En outre, il reproche au Ministère public d'avoir violé son droit d'être entendu en ne répondant pas à son pli du 23 octobre 2020, avant de rendre l'ordonnance querellée, ce qui ne lui avait pas permis de comprendre l'avancée de la procédure et, en particulier, de produire les courriers qu'il avait adressés à C______ postérieurement à sa plainte.

Par ailleurs, le Ministère public avait occulté plusieurs éléments exposés dans sa plainte démontrant la commission par C______ des infractions dénoncées. Le fait que les parties avaient, par le passé, été liées contractuellement ne rendait pas moins délictueux les agissements exposés. Ainsi, compte tenu des éléments présentés, l'autorité précédente se devait d'ouvrir une instruction, en particulier de procéder aux actes d'enquêtes sollicités, et ne pouvait, au préalable, rendre une non-entrée en matière.

Il sollicite une indemnité de CHF 5'331.15.- TVA comprise, à titre de dépens, correspondant à 11 heures d'activité à CHF 450.- de l'heure (1h30 de conférence avec le client ; 1h30 d'étude de dossier ; 7h30 de rédaction du recours et 30 minutes de rédaction et préparation du bordereau de pièces).

b. Dans ses observations, le Ministère public conclut au rejet du recours, sous suite de frais. Le courrier d'élection de domicile avait été reçu le 26 octobre 2020, de sorte qu'il s'était croisé avec l'ordonnance querellée et, dans tous les cas, l'intéressé avait eu une connaissance effective et complète de ladite ordonnance et formé recours sans entrave.

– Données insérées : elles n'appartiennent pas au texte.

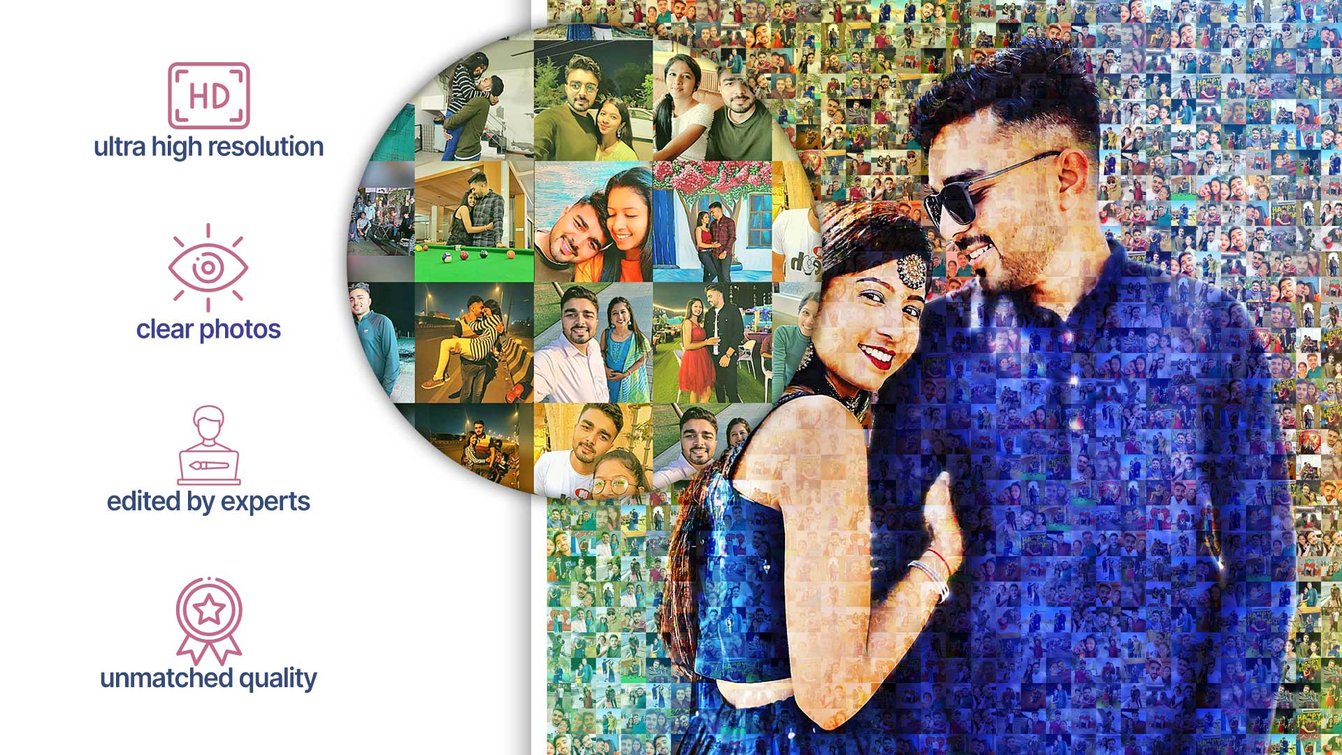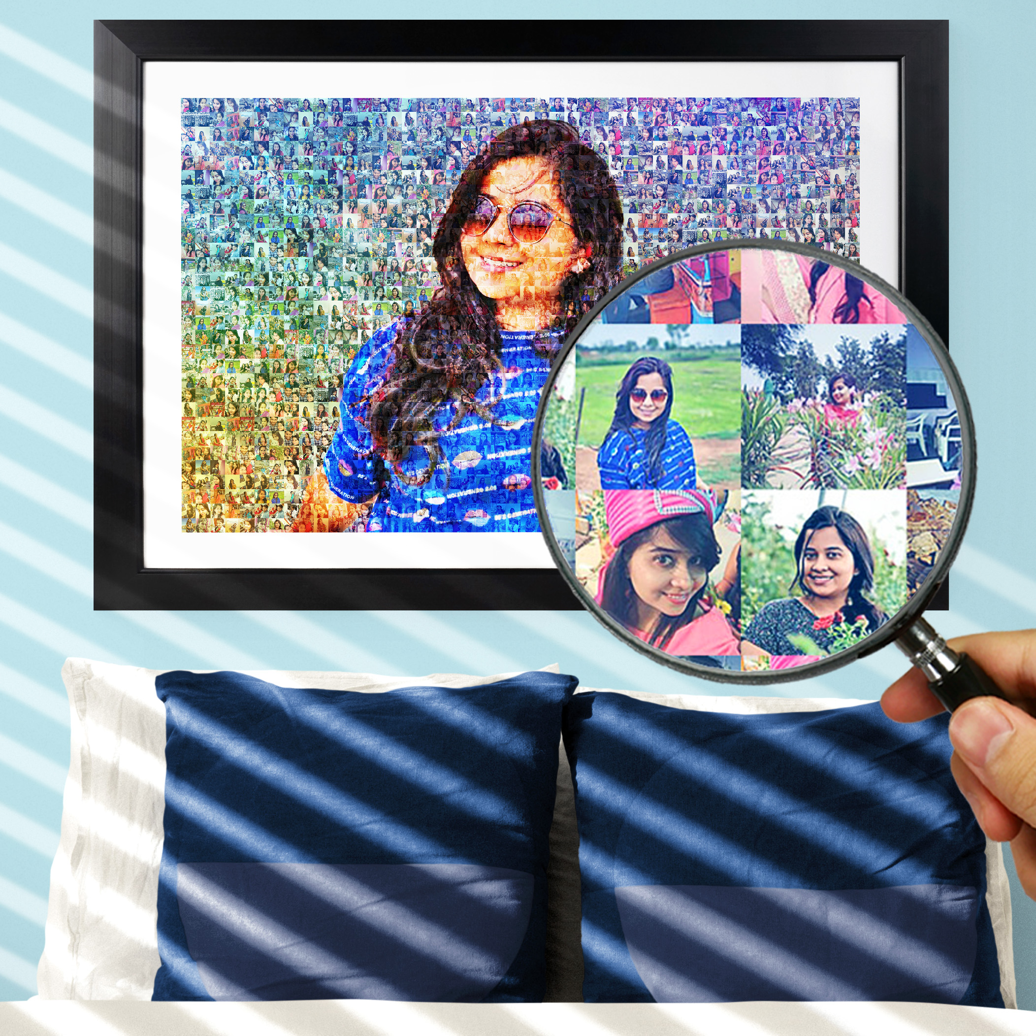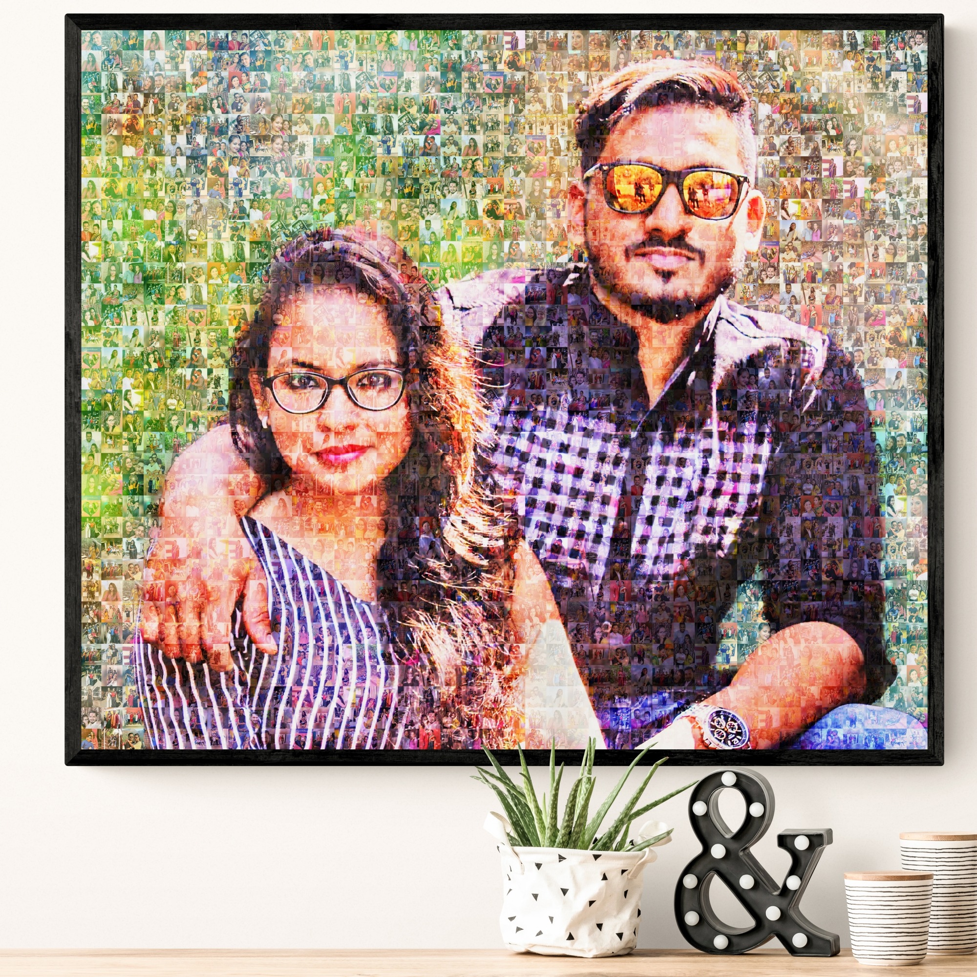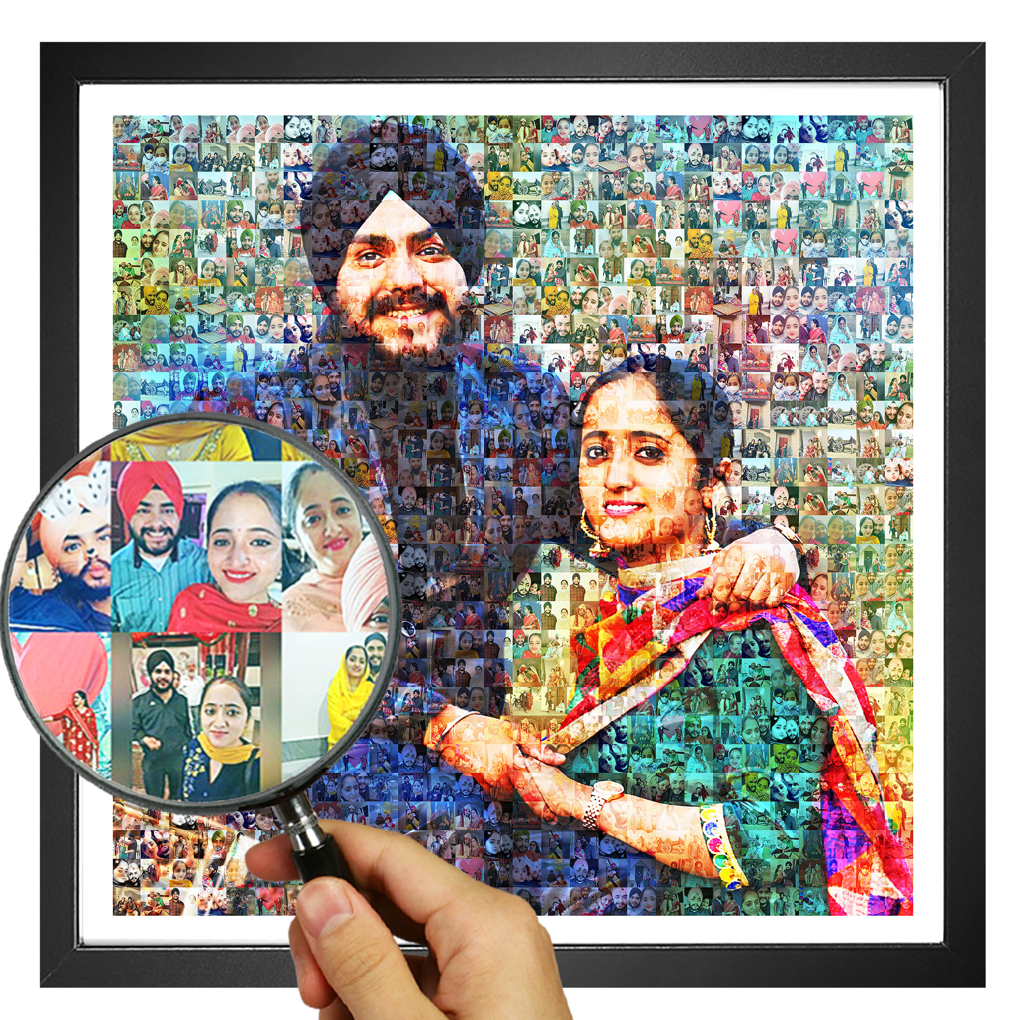 Each personalized mosaic photo frame is made manually by our expert designers. That’s why each mosaic we make is unique in it’s own way. We make multiple versions of your mosaic and let you decide the one you like. Also we listen to your requests and carry out corrections in your photos to bring the best quality possible.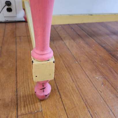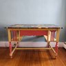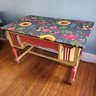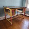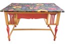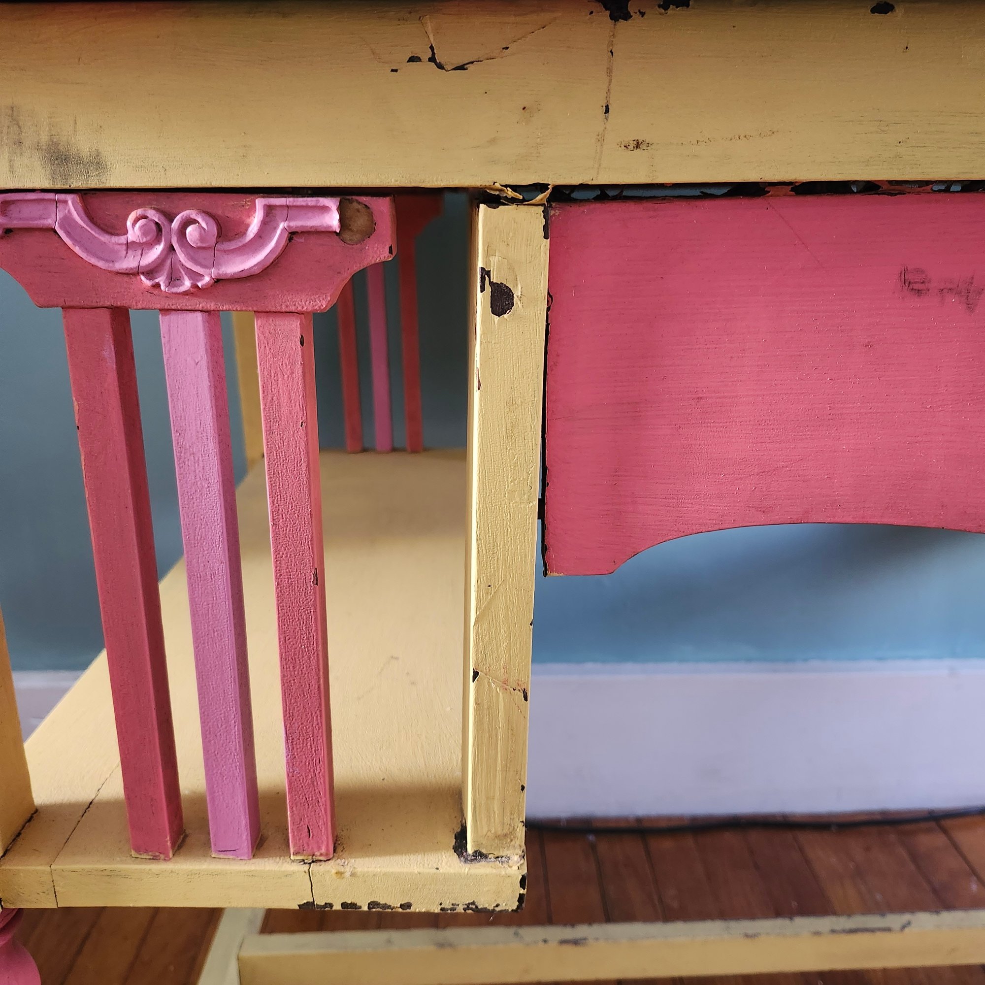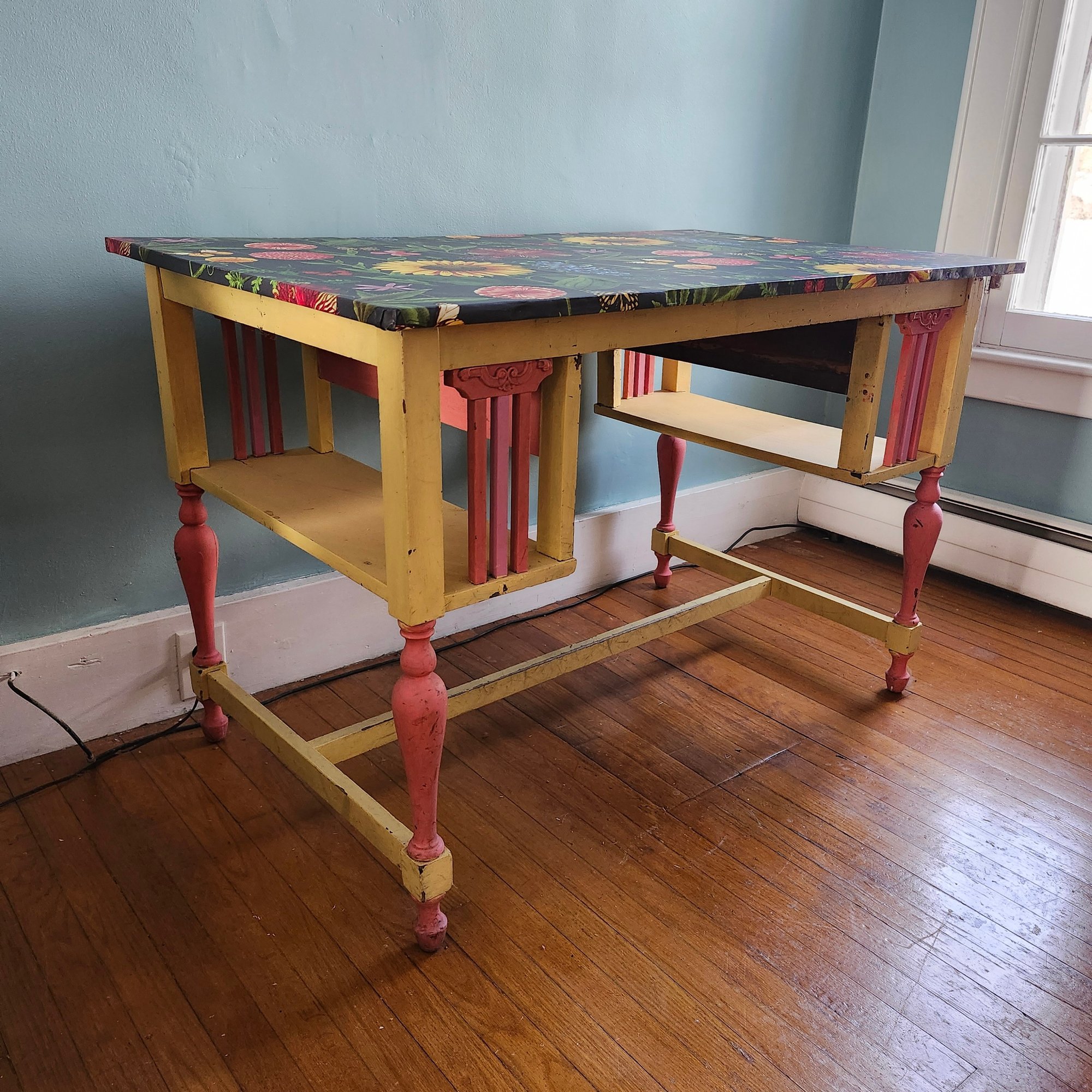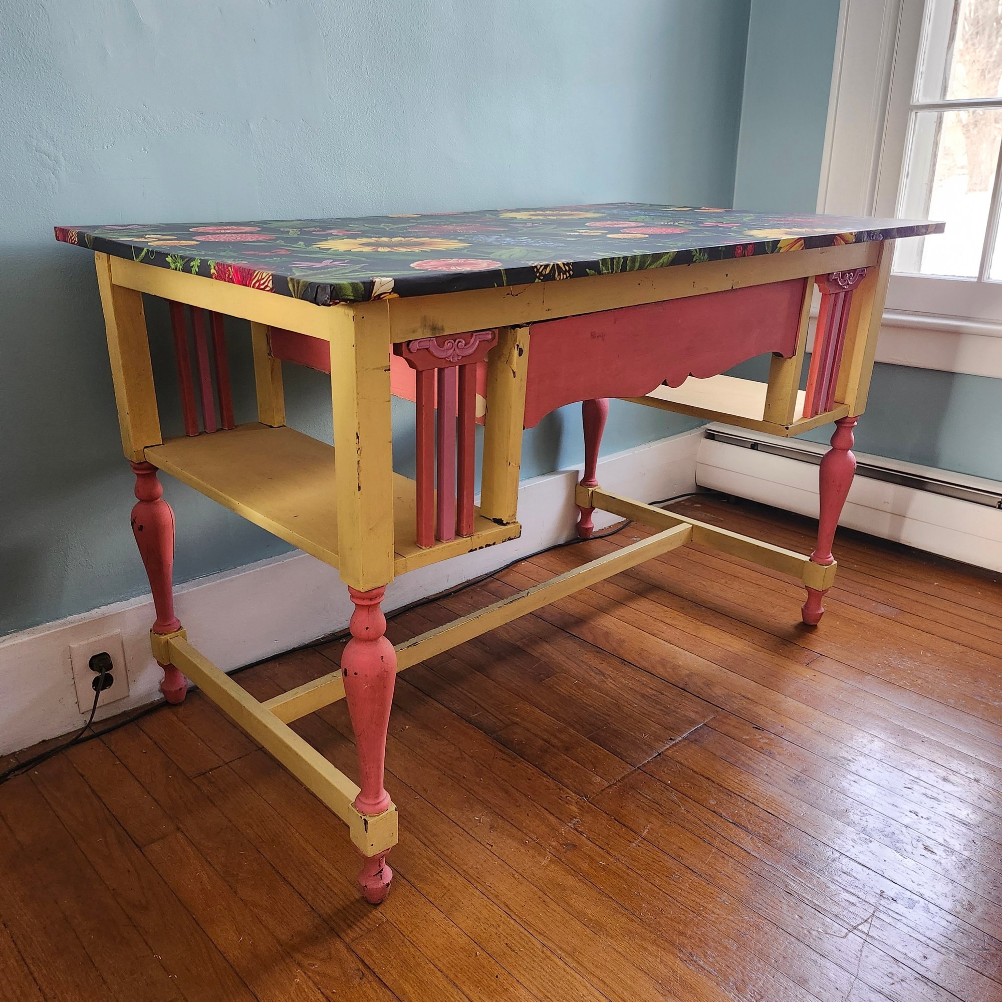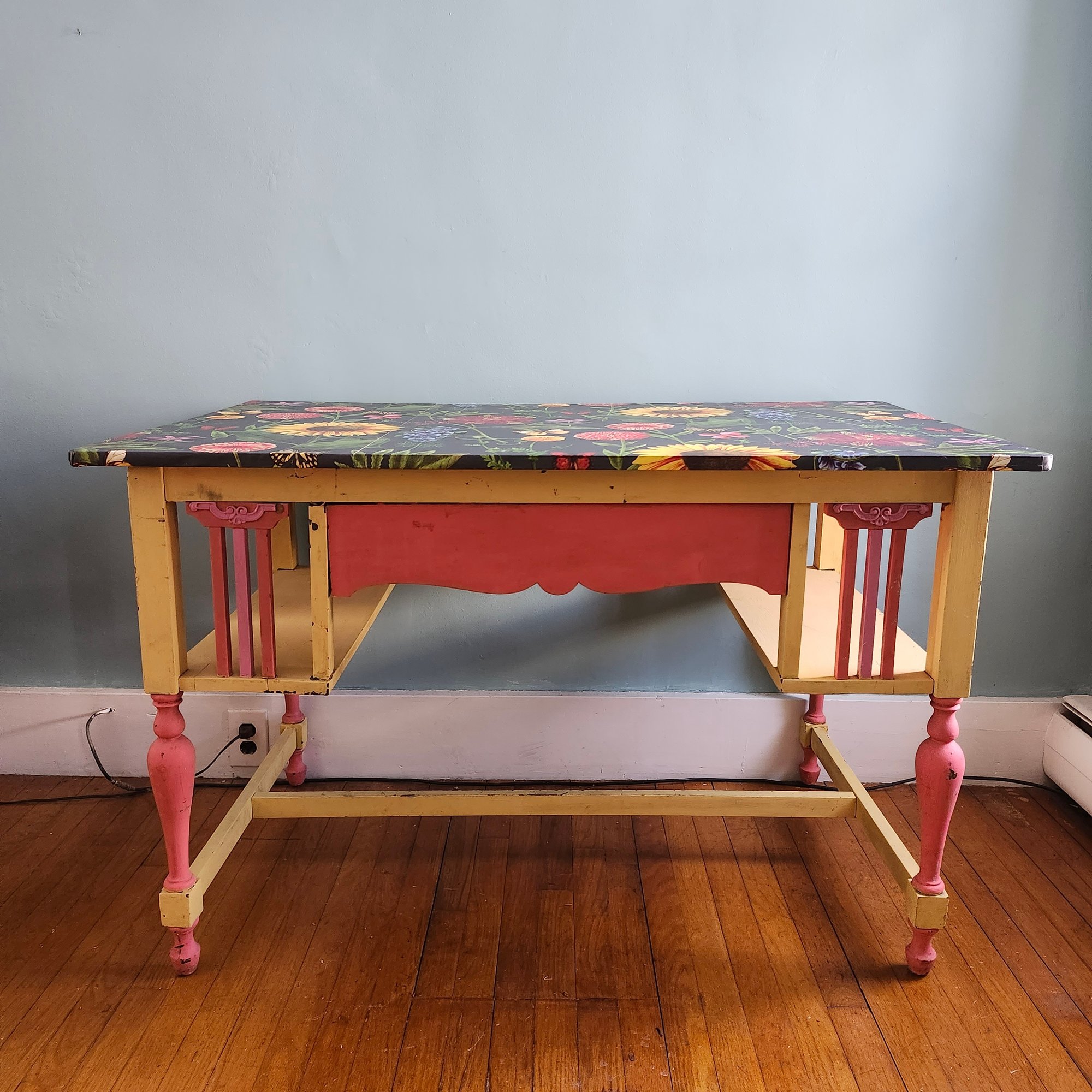 Colorful desk with side shelves and removable top that has been covered with contact paper with flower and butterfly design. Desk is painted pink and yellow.

Les conditions de l'art. 143 CP n'étaient pas remplies dès lors que A______ avait remis les codes d'accès à C______ et que les données n'étaient pas protégées contre l'accès de ce dernier. Seul l'abus de confiance (art. 138 ch. 1 al. 2 CP) pouvait éventuellement entrer en ligne de compte mais le dessein d'enrichissement illégitime ne paraissait pas rempli dans la mesure où, selon les déclarations du plaignant, C______ faisait valoir un droit de rétention qui semblait légitime, A______ n'indiquant pas ne pas devoir la somme réclamée. Ainsi, il apparaissait que C______ n'avait jamais eu l'intention de s'approprier les codes et le nom de domaine pour obtenir un enrichissement illégitime, ni même d'en user à son profit. Ces principes s'appliquaient également à l'infraction d'escroquerie.

L'art. 144bis CP n'était pas applicable en l'espèce, C______ ayant modifié le nom du titulaire du domaine avec l'accord de A______.

S'agissant de l'infraction à l'art. 181 CP, il s'agissait tout au plus d'une tentative. Toutefois, le Ministère public ne voyait pas que le comportement consistant à refuser de remettre un code d'accès et un nom de domaine constituait une contrainte illicite au sens de la norme précitée, voire dénotait un quelconque caractère pénal, A______ ayant été en mesure de continuer son activité professionnelle grâce à la souscription d'un nouveau nom de domaine.

Les actes d'instruction sollicités n'étaient pas propres à modifier les considérations qui précédaient.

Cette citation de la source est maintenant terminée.